While working or traveling in Africa, Asia, and Eastern Europe, I occasionally met people who really did have next to nothing, but who stunned me with their insistence on the abundance of their own humanity. One afternoon, as I trekked to my teaching post in the Himalayas, a monsoon storm turned day into night and a landslide wiped out my trail. I got terribly lost; coming to a strange village, exhausted, I sat on the porch of a peasant home. Inside, the family was eating roasted cow-corn kernels for dinner. Roasted cow-corn kernels were to be their entire dinner; there was nothing else on their menu.
A man inside saw that a human form was sitting on his porch. He couldn't have seen that I was American, or anything else, for that matter. It was dark night by then, in a village without electricity. In any case, I was wearing a sari. He whispered to his wife, "Someone is sitting on our porch. We have to cook rice." Rice is the highest status food in that economy. And, by "rice," they meant, for them, an elaborate meal consisting of rice, lentils, and vegetables.
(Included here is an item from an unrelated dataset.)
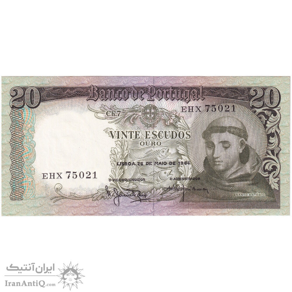 اسکناس 20 اسکودو 1964 جمهوری دوم - تک - UNC63 - پرتغال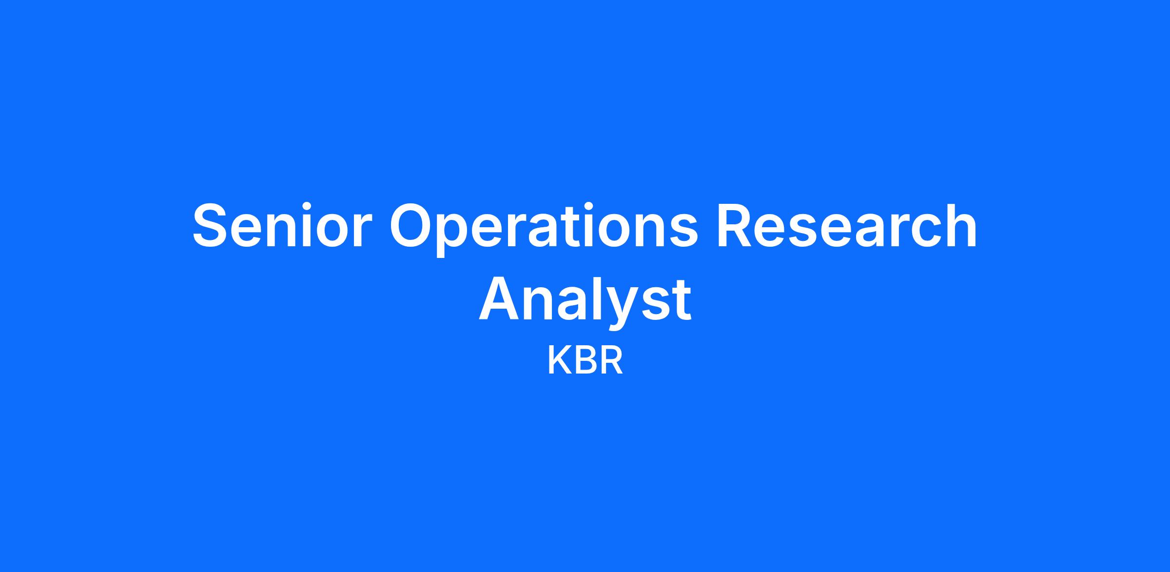 Senior Operations Research Analyst

This feeling of being seen, this conviction that every act one performs matters to a supremely consequential audience, can come from a belief in God. Psalm 139 articulates how thoroughly and consequentially witnessed the theist feels. "O Lord, You have searched me and You know me. You know when I sit and when I rise; You perceive my thoughts from afar. ...Before a word is on my tongue You know it completely, O Lord. Where can I go from Your Spirit? Where can I flee from Your presence? If I go up to the heavens, You are there; if I make my bed in the depths, You are there." The very marrow of the believer's bones is impregnated with the conviction that everything he does is avidly witnessed by God, and that everything he does matters to God. Whether or not one's fellow incarnate beings see is secondary.
Non-theists, including atheists, can also have this feeling that one is witnessed, that everything one does matters. Not just a personalized God sees and tallies human action. Disembodied forces that can never be tampered with also weigh our deeds. For some, karma plays witness. You may be able to fool your fellow humans, but, ultimately, you can't cheat karma.
In many cultures, there is a disembodied force that demands that every action be ethical: honor. "Bog, Honor, Ojczyzna," or "God, Honor, Country," is the Polish national motto. My stays in Poland introduced me to otherwise empty-handed activists who faced off against Nazis, Communists, and now, capitalism, with relentless personal power. "Burnout" and "apathy" were not in their vocabulary. Even when serving time in prisons that appeared on no map, they felt visible. Honor recorded their every deed, and ensured that it mattered.
I suspect that we all have our three-in-the-morning moments, when all of life seems one no-exit film noir, where any effort is pointless, where any hope seems to be born only to be dashed, like a fallen nestling on a summer sidewalk. When I have those moments, if I do nothing else, I remind myself: the ride in the snow; the volunteers at the food bank; the Nepali peasants who fed me. Activists like the Pole Wladyslaw Bartoszewski who, decades before he would earn any fame, got out of Auschwitz only to go on to even more resistance against the Nazis, and then the Soviets. Invisible, silent people who, day by day, choice by choice, unseen by me, unknown to me, force me to witness myself, invite me to keep making my own best choices, and keep me living my ideals.